Work item: Take the entries below and retype them word for word, excluding the images.

Data excerpts:
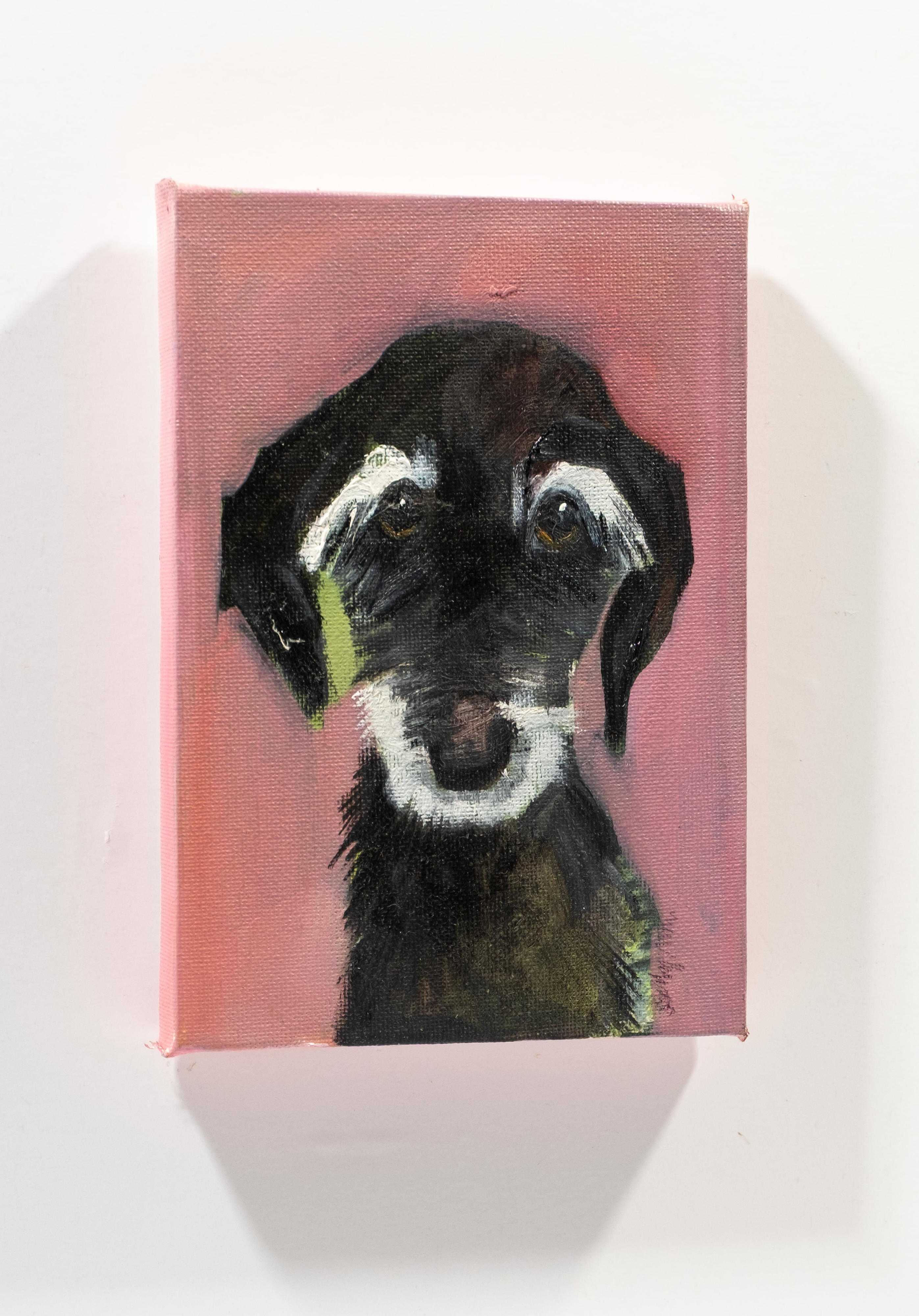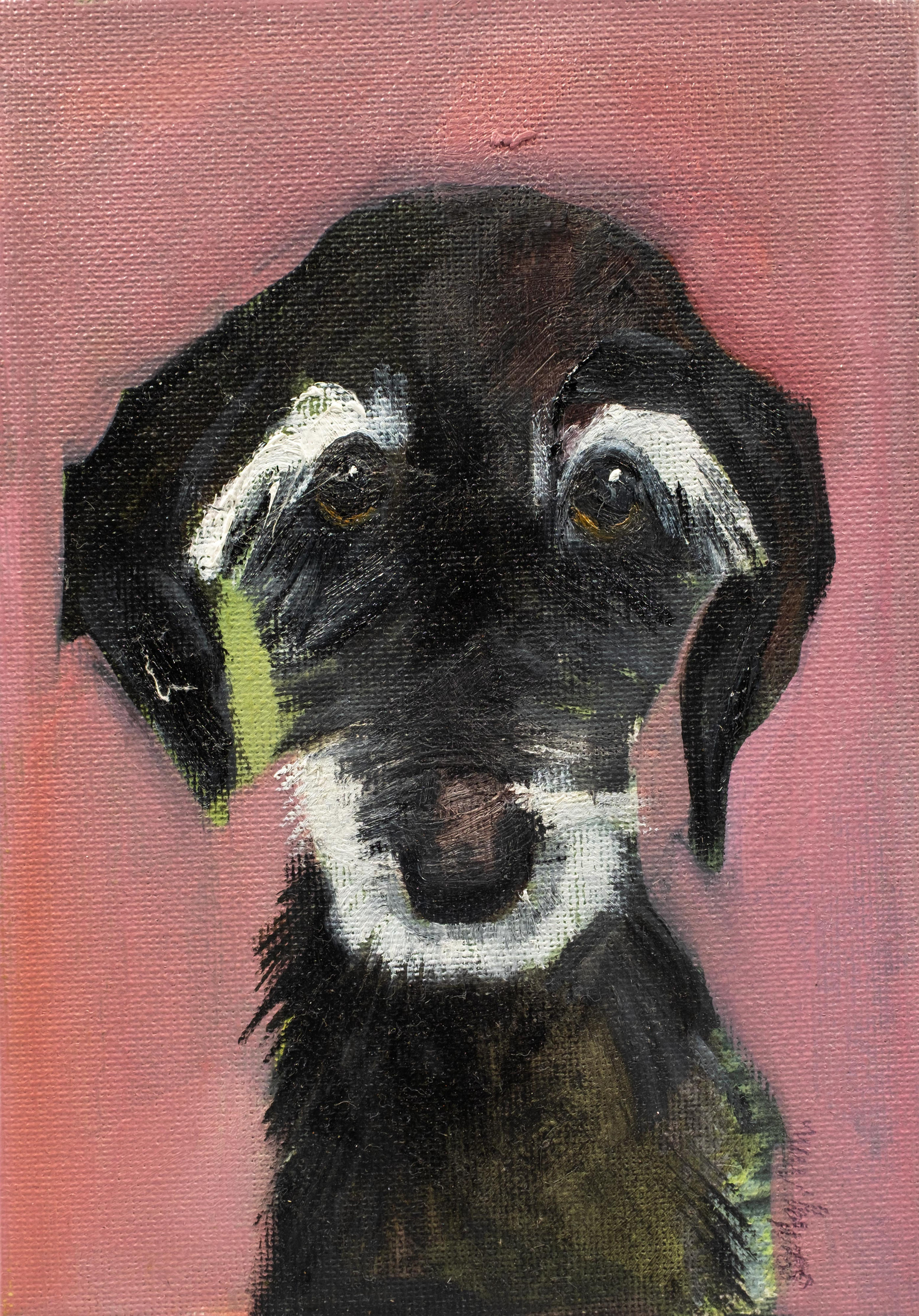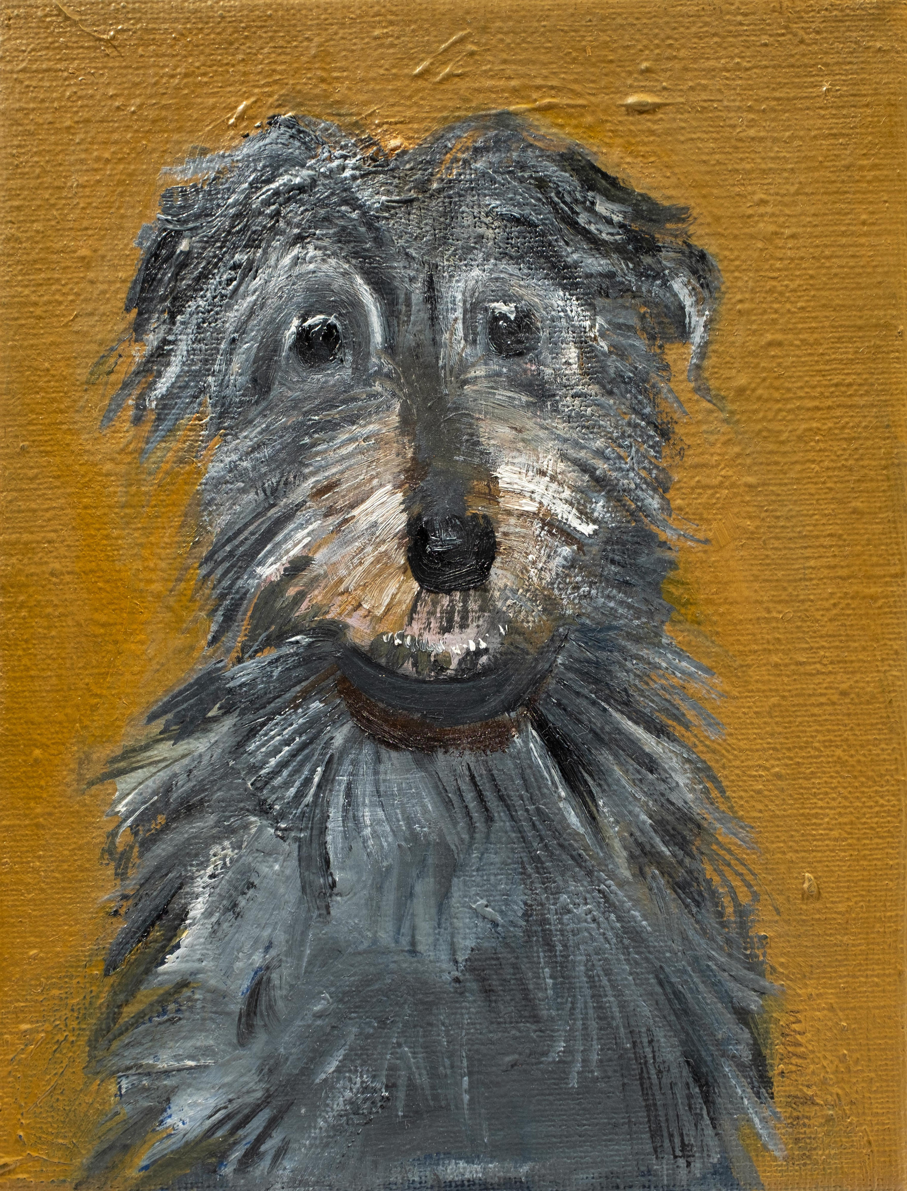 Sally Muir specialises in paintings of dogs and occasionally landscapes, rodents and people. With her dog paintings she approaches the subject as seriously as she would a person, attempting to convey the dog through a non-illustrative mark making process.
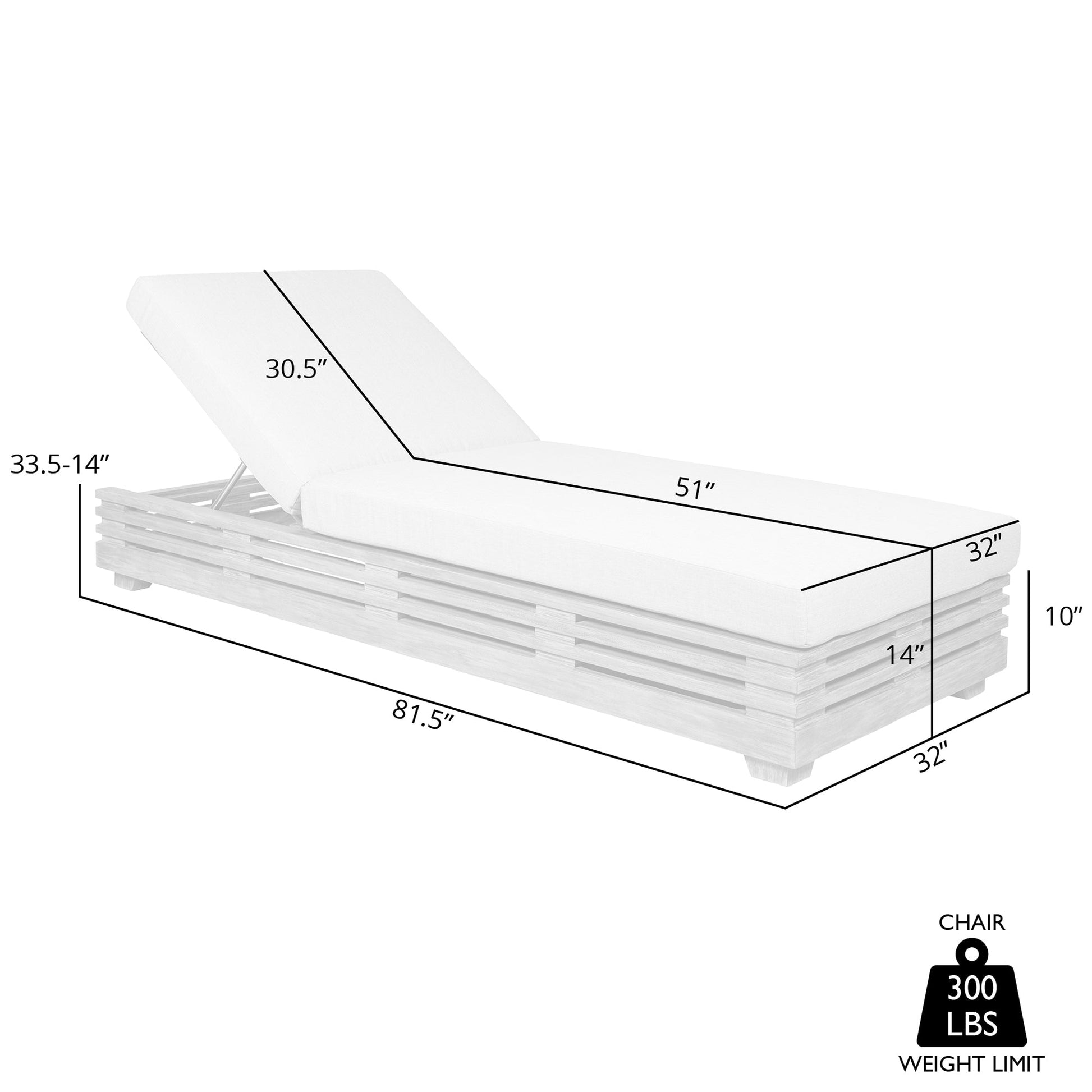 Introducing the Vivid Outdoor Patio Chaise Lounge Chair – a luxurious oasis of comfort and style designed to redefine your outdoor relaxation. This chaise lounge seamlessly marries the enduring beauty of Eucalyptus wood with the practicality of water-resistant and UV-resistant features, creating a refined piece of outdoor furniture that transforms your patio into a haven of tranquility. Crafted with meticulous attention to detail, the Vivid Chaise Lounge Chair showcases the timeless allure of Eucalyptus wood. This not only adds a touch of sophistication to your outdoor space but also ensures lasting durability. The chair's versatile design allows you to recline in style, whether by the pool, on the patio, or in your garden retreat. Designed for those who appreciate both form and function, the Vivid Chaise Lounge Chair boasts water-resistant and UV-resistant properties, offering peace of mind in the face of changing weather conditions. Whether basking in the sun or seeking shade, this lounge chair remains a steadfast companion for your outdoor moments. Immerse yourself in ultimate comfort with the plush Olefin cushions, providing a soft and inviting seat. With water-resistant capabilities and easily removable covers, maintaining the freshness and allure of your outdoor oasis has never been more effortless. Elevate your outdoor lounging experience with the Vivid Outdoor Patio Chaise Lounge Chair in Eucalyptus Wood. Its sleek and ergonomic design not only complements various outdoor settings but also sets the stage for moments of serenity and relaxation.
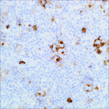 A positive reaction for CD15 combined with a negative reaction for LCA and other B and T lineage markers provides support for Reed-Sternberg cells found in Hodgkin′s disease. Also this antibody does not detect mesotheliomas making it a more frequently used antibody to distinguish epithelial mesothelioma from adenocarcinoma.
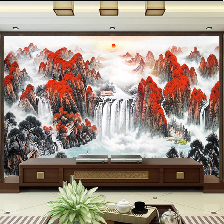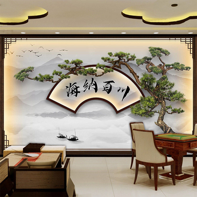 New Chinese Haina Baichuan TV background wall panel Bedroom bamboo wood fiber integrated board Living room Hongyun When the head buckle plate
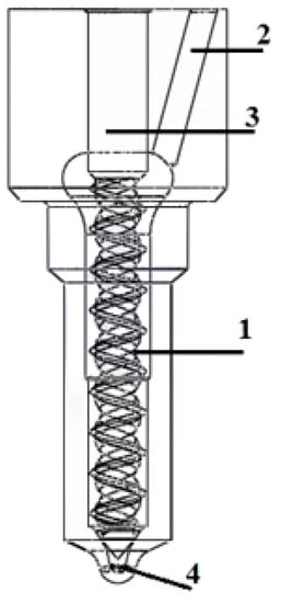 The modified fuel atomizer. (1) Channels in the non-working part of the needle, (2) the fuel supply channel, (3) the precision atomizer pair, (4) the injection holes [22].
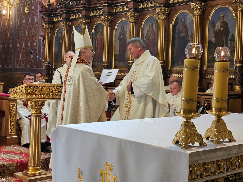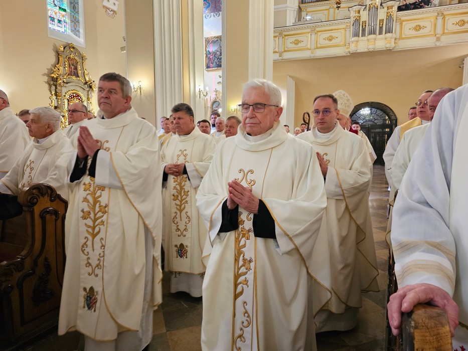 Pozdrowił również księży jubilatów świętujących 70. 60. i 25. rocznicę święceń kapłańskich. Wyraził duchową łączność z kapłanami pracującymi poza granicami kraju.
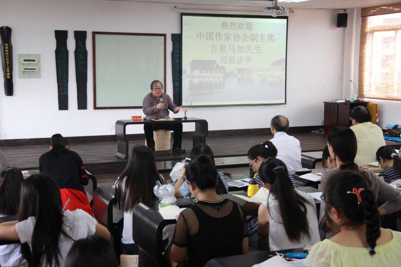 院长吉狄马加应邀在博东406为我校师生讲学。校党委书记林晓峰、福建省文联副主席陈毅达及天使动漫
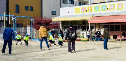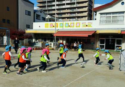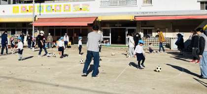 サッカーのコーチに来ていただき、親子で体を動かして楽しみ、子どもも保護者も笑顔いっぱいになりました。
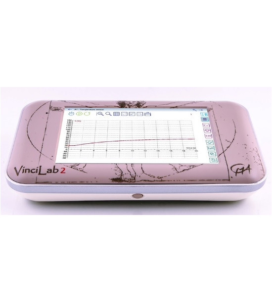 Meracie rozhranie VinciLab 2, systém zberu dát samostatne, s počítačom v triede a aj v teréne. Datalogger pracuje v prostredí Android. VinciLab 2 je moderný a pokročilý mobilný grafický systém zberu dát, ktorý je možné používať samostatne, s tabletmi alebo počítačmi. Je to prenosné zariadenie so systémom Android vybavené dvoma procesormi, hlavným procesorom na ovládanie operačného systému a obrazovky zariadenia a meracím procesorom na riadenie merania pri vzorkovacej frekvencii až 1 MHz. VinciLab 2 má 5” farebný dotykový displej a je vybavený Wi-Fi a Bluetooth konektivitou. Pre pripojenie senzorov má VinciLab 2 štyri BT vstupy. Senzory CMA BT vrátane senzora pohybu BT55i možno priamo pripojiť k vstupom Interfejsu. Zabudované sú dva ďalšie senzory, interný mikrofón a 3-osový akcelerometer. Prostredníctvom HDMI konektora možno obrazovku VinciLab 2 jednoducho zdieľať na väčších obrazovkách alebo premietať.VinciLab 2 sa dodáva spolu s napájacím adaptérom, USB káblom a užívateľskou príručkou.
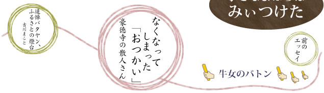 私の場合、女子だったからかもしれないが、やはりワカメタイプでるんるんとお使いに行った。母の真似をしてちょっと大人になった気分だったし、何よりおつりがお駄賃になるというのが魅力的だった。そういう意味では、いかにつり銭をひねり出すかと、頭をつかったものだ。
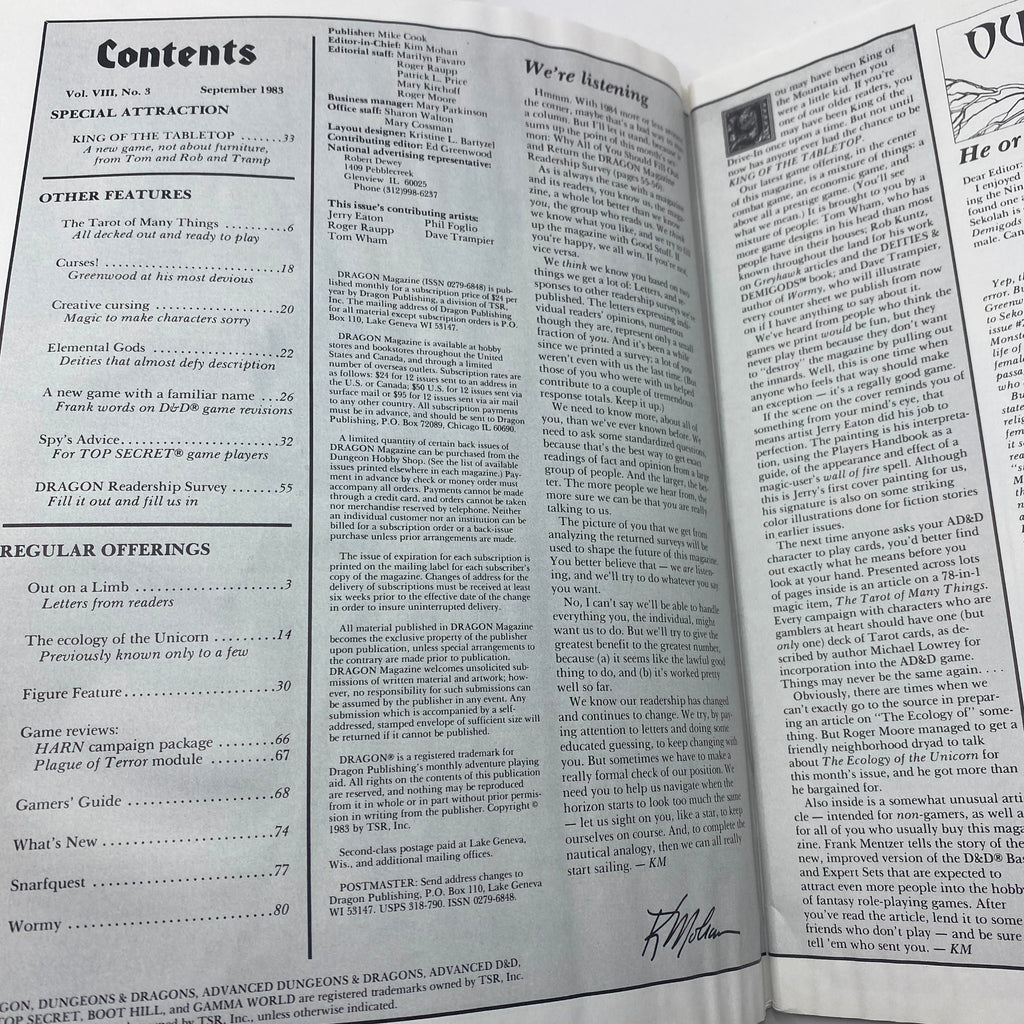 Discover a fascinating piece of gaming history with the vintage issue of Dragon Magazine from September 1983, Volume 77, titled "King of the Tabletop." This magazine is a treasure trove for tabletop gaming enthusiasts and collectors alike, celebrating the rich culture of role-playing games from an era when they began soaring in popularity.
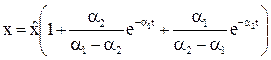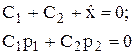 где C1 и C2 – постоянные интегрирования, p1 и p2 – корни характеристического уравнения
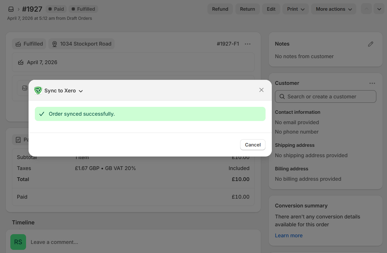This article explains how to manually sync an order instantly from Shopify to Xero using the "Sync to Xero" option and view that order in Xero.
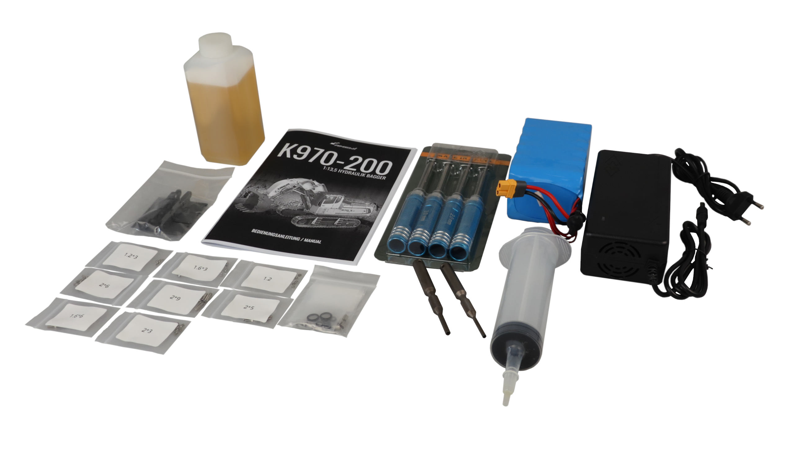 Zur Inbetriebnahme des Baggers muss lediglich der Akku vor der ersten Nutzung noch geladen und das Hydraulik-Öl eingefüllt werden. Dazu werden ca. 200ml des mitgelieferten Öls in den Tank gegeben. Anschließend kann der Spaß mit dem neuen K970-200 sofort losgehen.

Expected answer:
 Sally Muir specialises in paintings of dogs and occasionally landscapes, rodents and people. With her dog paintings she approaches the subject as seriously as she would a person, attempting to convey the dog through a non-illustrative mark making process.
 Introducing the Vivid Outdoor Patio Chaise Lounge Chair – a luxurious oasis of comfort and style designed to redefine your outdoor relaxation. This chaise lounge seamlessly marries the enduring beauty of Eucalyptus wood with the practicality of water-resistant and UV-resistant features, creating a refined piece of outdoor furniture that transforms your patio into a haven of tranquility. Crafted with meticulous attention to detail, the Vivid Chaise Lounge Chair showcases the timeless allure of Eucalyptus wood. This not only adds a touch of sophistication to your outdoor space but also ensures lasting durability. The chair's versatile design allows you to recline in style, whether by the pool, on the patio, or in your garden retreat. Designed for those who appreciate both form and function, the Vivid Chaise Lounge Chair boasts water-resistant and UV-resistant properties, offering peace of mind in the face of changing weather conditions. Whether basking in the sun or seeking shade, this lounge chair remains a steadfast companion for your outdoor moments. Immerse yourself in ultimate comfort with the plush Olefin cushions, providing a soft and inviting seat. With water-resistant capabilities and easily removable covers, maintaining the freshness and allure of your outdoor oasis has never been more effortless. Elevate your outdoor lounging experience with the Vivid Outdoor Patio Chaise Lounge Chair in Eucalyptus Wood. Its sleek and ergonomic design not only complements various outdoor settings but also sets the stage for moments of serenity and relaxation.
 A positive reaction for CD15 combined with a negative reaction for LCA and other B and T lineage markers provides support for Reed-Sternberg cells found in Hodgkin′s disease. Also this antibody does not detect mesotheliomas making it a more frequently used antibody to distinguish epithelial mesothelioma from adenocarcinoma.
 New Chinese Haina Baichuan TV background wall panel Bedroom bamboo wood fiber integrated board Living room Hongyun When the head buckle plate
 The modified fuel atomizer. (1) Channels in the non-working part of the needle, (2) the fuel supply channel, (3) the precision atomizer pair, (4) the injection holes [22].
 Pozdrowił również księży jubilatów świętujących 70. 60. i 25. rocznicę święceń kapłańskich. Wyraził duchową łączność z kapłanami pracującymi poza granicami kraju.
 院长吉狄马加应邀在博东406为我校师生讲学。校党委书记林晓峰、福建省文联副主席陈毅达及天使动漫
 サッカーのコーチに来ていただき、親子で体を動かして楽しみ、子どもも保護者も笑顔いっぱいになりました。
 Meracie rozhranie VinciLab 2, systém zberu dát samostatne, s počítačom v triede a aj v teréne. Datalogger pracuje v prostredí Android. VinciLab 2 je moderný a pokročilý mobilný grafický systém zberu dát, ktorý je možné používať samostatne, s tabletmi alebo počítačmi. Je to prenosné zariadenie so systémom Android vybavené dvoma procesormi, hlavným procesorom na ovládanie operačného systému a obrazovky zariadenia a meracím procesorom na riadenie merania pri vzorkovacej frekvencii až 1 MHz. VinciLab 2 má 5” farebný dotykový displej a je vybavený Wi-Fi a Bluetooth konektivitou. Pre pripojenie senzorov má VinciLab 2 štyri BT vstupy. Senzory CMA BT vrátane senzora pohybu BT55i možno priamo pripojiť k vstupom Interfejsu. Zabudované sú dva ďalšie senzory, interný mikrofón a 3-osový akcelerometer. Prostredníctvom HDMI konektora možno obrazovku VinciLab 2 jednoducho zdieľať na väčších obrazovkách alebo premietať.VinciLab 2 sa dodáva spolu s napájacím adaptérom, USB káblom a užívateľskou príručkou.
 私の場合、女子だったからかもしれないが、やはりワカメタイプでるんるんとお使いに行った。母の真似をしてちょっと大人になった気分だったし、何よりおつりがお駄賃になるというのが魅力的だった。そういう意味では、いかにつり銭をひねり出すかと、頭をつかったものだ。
 Discover a fascinating piece of gaming history with the vintage issue of Dragon Magazine from September 1983, Volume 77, titled "King of the Tabletop." This magazine is a treasure trove for tabletop gaming enthusiasts and collectors alike, celebrating the rich culture of role-playing games from an era when they began soaring in popularity.
 где C1 и C2 – постоянные интегрирования, p1 и p2 – корни характеристического уравнения
This article explains how to manually sync an order instantly from Shopify to Xero using the "Sync to Xero" option and view that order in Xero.
 Zur Inbetriebnahme des Baggers muss lediglich der Akku vor der ersten Nutzung noch geladen und das Hydraulik-Öl eingefüllt werden. Dazu werden ca. 200ml des mitgelieferten Öls in den Tank gegeben. Anschließend kann der Spaß mit dem neuen K970-200 sofort losgehen.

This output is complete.